Auch andere der fünf staatlichen Medienhochschulen reagieren auf den wachsenden Bedarf an Animationsdesignern. So bietet die Hochschule für Film und Fernsehen (HFF) in Potsdam-Babelsberg einen auf acht Semester angelegten Studiengang, der auch die neuesten computergestützten 3D-Verfahren umfasst.

Stärker auf klassische 2D-Animation im Stil Walt Disneys ist dagegen das neue einjährige Weiterbildungsprogramm Trickfilm/Animation an der Internationalen Filmschule (IFS) Köln angelegt. Das gilt auch für die 14-monatige Ausbildung an der privaten animation-school-hamburg, die pro Monat 300 Mark kostet.

"Computergrafik-Freaks sind extreme Charaktere"

Nicht viel mehr als Grundkenntnisse in digitaler Bildbearbeitung werden an Fachhochschulen in den Studiengängen Kommunikationsdesign oder Visuelle Kommunikation vermittelt. Ralf Ott hat nach einem solchen Studium erst als Praktikant, dann als Assistent beim Medienunternehmen Das Werk, deutscher Marktführer auf dem Gebiet digitale Postproduktion, weitergemacht: "Ich habe das damals als Aufbaustudium betrachtet."

Heute leitet Ott die Niederlassung in Frankfurt und ist für die Einstellung neuer Digital Artists zuständig. Zwar kann er über Bewerbermangel nicht klagen, aber "der Anteil derjenigen, die ernsthaft in Frage kommen, ist sehr dünn".

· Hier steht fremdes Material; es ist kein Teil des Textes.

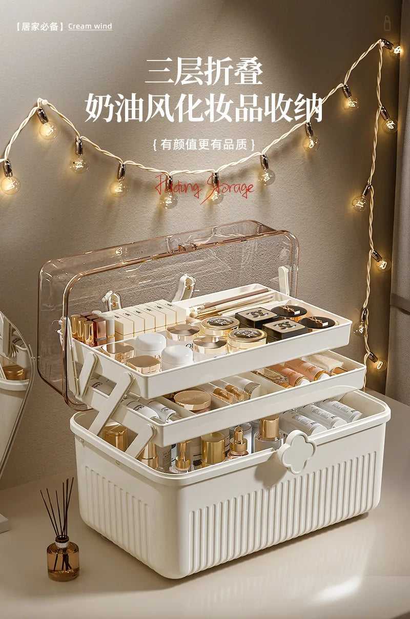 Cosmetics Storage Box, Desktop Dustproof, Large Capacity Organizer Box, Makeup Table, Skincare, Lipstick Shelf
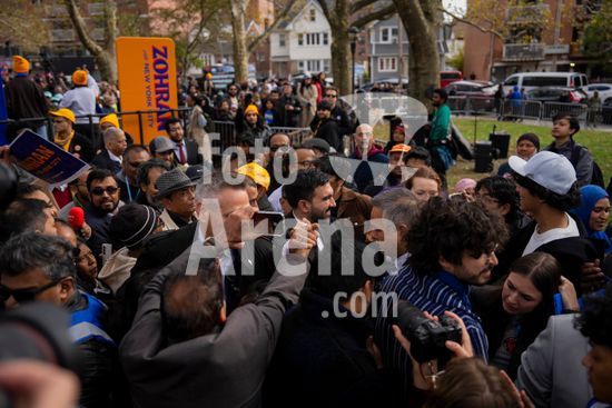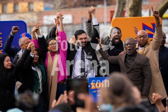 ny011125162811 State Rep. Zohran Mamdani, the Democratic nominee for mayor of New York City, raises his hands alongside various other elected officials after speaking at a canvassing event in the Jamaica neighborhood of Queens on Saturday, Nov. 1, 2025. With just two days of early voting left, New Yorkers continue to turn out in droves on the final weekend before Election Day. (Vincent Alban/The New York Times/Fotoarena)

Weil die Hochschulen die Nachfrage nicht decken, bekommen auch Quereinsteiger und Autodidakten eine Chance. Doch sie haben oft ein spezifisches Problem, meint Ott: "Freaks in Sachen Computergrafik sind häufig extreme Charaktere. Als Digital Artist darf man aber kein Eigenbrötler sein, sondern muss im Team arbeiten können." Das hat auch Bernd Willim von der German Film School erkannt. In Elstal werden die Studenten daher in Rhetorik und Konfliktmanagement unterrichtet.

Arbeitslose Filmemacher gibt es reichlich, für Digital Artists dagegen sind die Verdienstmöglichkeiten hervorragend: Freischaffende Spitzenkräfte kommen mitunter auf Tagessätze von über 1500 Mark. Ein Hochschulabsolvent steigt bei Das Werk mit etwa 5500 Mark brutto ein. Auch Katastrophen wie jetzt in New York können dem Beruf nicht wirklich etwas anhaben: "Die TV-Sender brauchen immer Futter", sagt Ralf Ott. "Und wenn es sich um die Simulation des Flugzeug-Einschlags in das World Trade Center handelt."